I reach for my tranq gun and ready a dart with a mild sedative; I know it’s not really fair to keep sedating her, but for what I have in mind, I want her pliable but semi-alert. I grab my blade and slip it into my back pocket, as lust sets a fire blazing in my veins. I wonder how many cuts her body can endure before she goes into shock, or loses too much blood. I have to be cautious and control my urges to see her bleed. If I lose control of myself, it would be so easy to damage her, or end her life prematurely.

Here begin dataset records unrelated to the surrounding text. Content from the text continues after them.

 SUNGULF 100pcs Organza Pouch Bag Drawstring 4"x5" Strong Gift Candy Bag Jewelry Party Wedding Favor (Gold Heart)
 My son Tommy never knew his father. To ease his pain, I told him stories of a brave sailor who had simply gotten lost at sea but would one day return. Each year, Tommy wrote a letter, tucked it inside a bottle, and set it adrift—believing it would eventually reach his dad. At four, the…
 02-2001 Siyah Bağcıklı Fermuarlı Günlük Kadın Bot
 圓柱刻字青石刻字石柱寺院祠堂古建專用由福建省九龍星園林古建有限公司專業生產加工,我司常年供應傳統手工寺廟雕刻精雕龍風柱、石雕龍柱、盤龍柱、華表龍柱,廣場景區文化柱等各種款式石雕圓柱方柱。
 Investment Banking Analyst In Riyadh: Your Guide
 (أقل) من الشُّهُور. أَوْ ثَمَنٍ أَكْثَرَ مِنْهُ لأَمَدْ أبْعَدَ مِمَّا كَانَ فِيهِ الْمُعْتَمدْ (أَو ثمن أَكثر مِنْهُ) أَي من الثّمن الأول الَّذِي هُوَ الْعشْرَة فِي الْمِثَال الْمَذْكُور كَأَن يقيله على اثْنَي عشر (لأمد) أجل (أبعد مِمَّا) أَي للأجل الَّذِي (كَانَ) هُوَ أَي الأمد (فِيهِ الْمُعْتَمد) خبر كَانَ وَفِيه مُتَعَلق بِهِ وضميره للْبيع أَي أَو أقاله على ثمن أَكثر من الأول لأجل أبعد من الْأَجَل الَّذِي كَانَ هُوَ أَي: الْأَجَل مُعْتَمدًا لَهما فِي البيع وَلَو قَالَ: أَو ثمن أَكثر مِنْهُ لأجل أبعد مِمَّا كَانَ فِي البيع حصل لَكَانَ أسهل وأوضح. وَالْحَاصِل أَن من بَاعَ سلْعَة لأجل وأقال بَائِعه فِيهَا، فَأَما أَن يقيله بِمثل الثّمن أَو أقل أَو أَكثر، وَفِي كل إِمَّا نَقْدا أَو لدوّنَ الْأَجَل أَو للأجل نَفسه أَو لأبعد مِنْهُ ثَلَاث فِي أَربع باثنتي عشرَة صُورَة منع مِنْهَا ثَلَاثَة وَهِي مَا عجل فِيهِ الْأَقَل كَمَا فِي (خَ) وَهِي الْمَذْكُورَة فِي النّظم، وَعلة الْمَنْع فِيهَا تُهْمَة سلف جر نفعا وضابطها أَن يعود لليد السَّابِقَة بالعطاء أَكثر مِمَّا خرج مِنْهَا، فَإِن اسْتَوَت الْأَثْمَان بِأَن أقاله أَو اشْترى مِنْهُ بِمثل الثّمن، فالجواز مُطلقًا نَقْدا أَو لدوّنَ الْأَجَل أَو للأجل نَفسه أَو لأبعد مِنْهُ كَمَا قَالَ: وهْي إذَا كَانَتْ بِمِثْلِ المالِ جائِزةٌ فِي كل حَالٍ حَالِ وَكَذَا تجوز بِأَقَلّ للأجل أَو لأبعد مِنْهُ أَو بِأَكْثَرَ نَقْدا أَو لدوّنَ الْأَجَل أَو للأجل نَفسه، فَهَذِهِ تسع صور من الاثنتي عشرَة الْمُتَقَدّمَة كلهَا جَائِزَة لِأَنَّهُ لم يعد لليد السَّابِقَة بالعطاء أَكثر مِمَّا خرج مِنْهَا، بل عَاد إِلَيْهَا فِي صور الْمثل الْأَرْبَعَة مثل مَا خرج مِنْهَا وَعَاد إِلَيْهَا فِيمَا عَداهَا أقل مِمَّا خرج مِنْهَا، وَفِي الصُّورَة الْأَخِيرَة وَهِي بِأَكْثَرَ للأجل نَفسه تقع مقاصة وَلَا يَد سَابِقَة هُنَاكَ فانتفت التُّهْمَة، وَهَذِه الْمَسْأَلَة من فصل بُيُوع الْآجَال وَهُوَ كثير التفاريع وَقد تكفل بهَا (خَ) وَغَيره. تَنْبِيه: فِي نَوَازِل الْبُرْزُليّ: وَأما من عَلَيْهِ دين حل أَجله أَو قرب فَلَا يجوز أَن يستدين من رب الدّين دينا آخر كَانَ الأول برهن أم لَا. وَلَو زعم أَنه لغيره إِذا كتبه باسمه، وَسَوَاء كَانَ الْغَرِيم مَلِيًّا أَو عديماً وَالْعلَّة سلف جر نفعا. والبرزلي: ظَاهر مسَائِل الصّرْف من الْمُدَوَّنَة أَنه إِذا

I have no intention of giving up my holiday gift; she has to make it to the new year at least, then I can reconsider what to do with her, and if keeping her alive is worth the trouble.

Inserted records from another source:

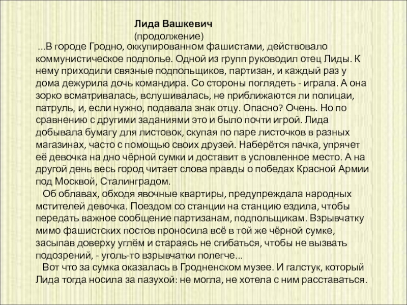 Присмотревшись к мальчику, коммунисты доверили Вале быть связным и разведчиком в своей подпольной организации. Он узнавал расположение вражеских постов, порядок смены караула.
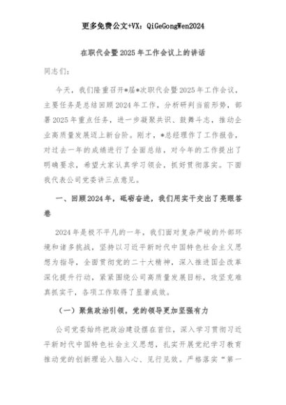 【七哥公文】2025年:在职代会暨2025年工作会议上的讲话+更多免费公文+VX:QiGeGongWen2024+更多免费公文+VX:QiGeGongWen2024
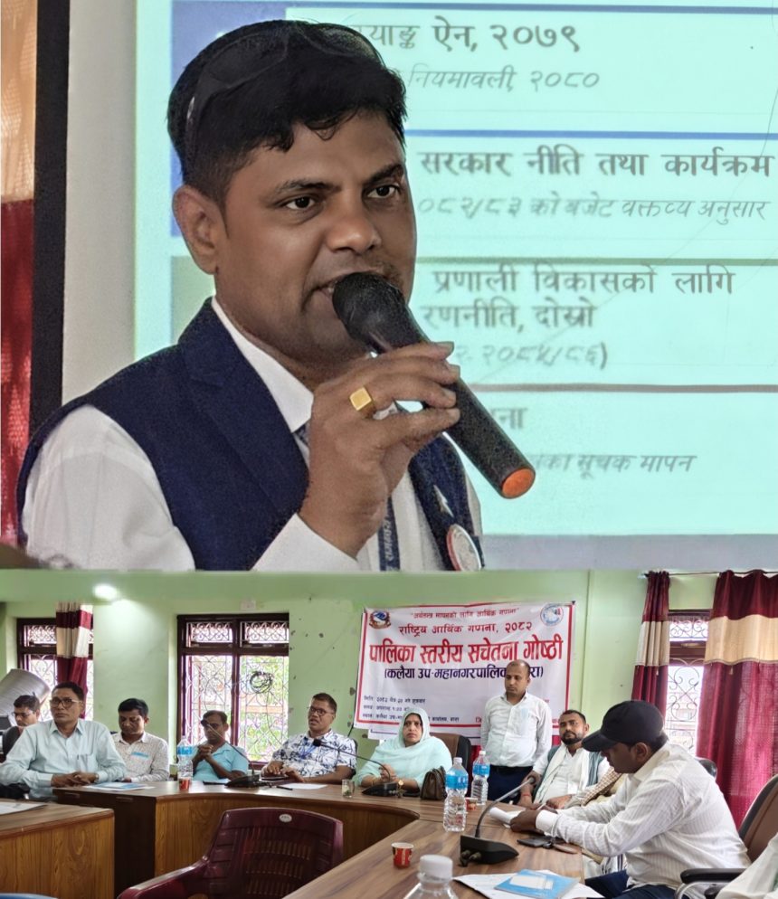 कलैया,२० चैत । राष्ट्रिय आर्थिक गणना २०८२ अन्तर्गत आज कलैया उप-महानगरपालिकामा पालिका स्तरीय सचेतना गोष्ठी सम्पन्न भएको छ। “अर्थतन्त्र मापनका…

I move through my darkened and silent cabin, a place filled with solitude, peace, and comfort. It’s far from the bustle ofthe city and, more importantly, away from my father and his politics. I purchased this cabin years ago with the inheritance my mother left me and Micah, when she passed away, much to my father’s ire. He preferred that I remain close by, or in our family home, so that he could keep his eye on me, and his nose firmly in my business. The cabin is deep in a wooded area, over an hour outside of Boston’s city limits, and entirely off the grid. There are no records of my home in any city ledgers; I made sure to wipe any possible traces of it, including making the man who helped me build it disappear. As far as the world knows, Ajor Tsuoc is living a very comfortable retired life in Mexico somewhere, but the truth, however, is that his body is decomposing in a metal chemical barrel filled with acid, in a warehouse in Detroit. More importantly, my malignant father doesn’t know its location, so he can’t just show up here and attempt to demand my obedience.

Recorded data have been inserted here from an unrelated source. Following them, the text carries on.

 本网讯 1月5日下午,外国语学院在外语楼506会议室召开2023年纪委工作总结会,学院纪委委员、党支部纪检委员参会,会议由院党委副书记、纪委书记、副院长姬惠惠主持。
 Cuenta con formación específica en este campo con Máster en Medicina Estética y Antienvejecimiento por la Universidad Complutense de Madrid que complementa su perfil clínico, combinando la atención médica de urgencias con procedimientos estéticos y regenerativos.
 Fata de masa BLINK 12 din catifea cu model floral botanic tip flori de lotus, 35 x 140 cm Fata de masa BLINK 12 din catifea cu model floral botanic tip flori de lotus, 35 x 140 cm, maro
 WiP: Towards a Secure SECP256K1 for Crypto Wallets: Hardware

I reach the locked door to the room where my temptation is residing. I pull up the hidden cameras on my phone, so I can ensure she is still where I last saw her. A pang of some foreign emotion causes my chest to tighten, when I glimpse her still tightly pressed into the corner, her body stiff and on guard, even in slumber. I shake off the feeling that has no place in my world. Mercy and pity are for the weak-minded, and that’s never been me. I don’t care that she’s scared, just that she is now mine.
I unlock the door with the electronic keypad and slide the door open. I have to push my weight against it, since my little temptation has made a fucking mess of her room, and the accent chair becomes an obstacle to my entry. Her body twitches with the soft sounds I make to get within the space, and closer to her. I point the tranquilizer gun at her shoulder and pull the trigger, and her body jerks backward, as the sharp end makes contact with her flesh. Her arms release their tight hold on her legs, and her head jolts upwards until her frightened chestnut brown eyes open, rise, and meet mine.
Chapter 24
Santa
“NOOOO,” she screams, and attempts to get to her feet, but the effects of the sedative are already making their way into her bloodstream, causing her to be woozy as she stumbles back into the wall, and crashes against its surface. Her legs give out on her, forcing her to sit at an odd angle, and her head dips forward, causing her chin to rest against her chest. My poor temptation, doesn’t she realize that she’s a mosquito fighting a war against a lion?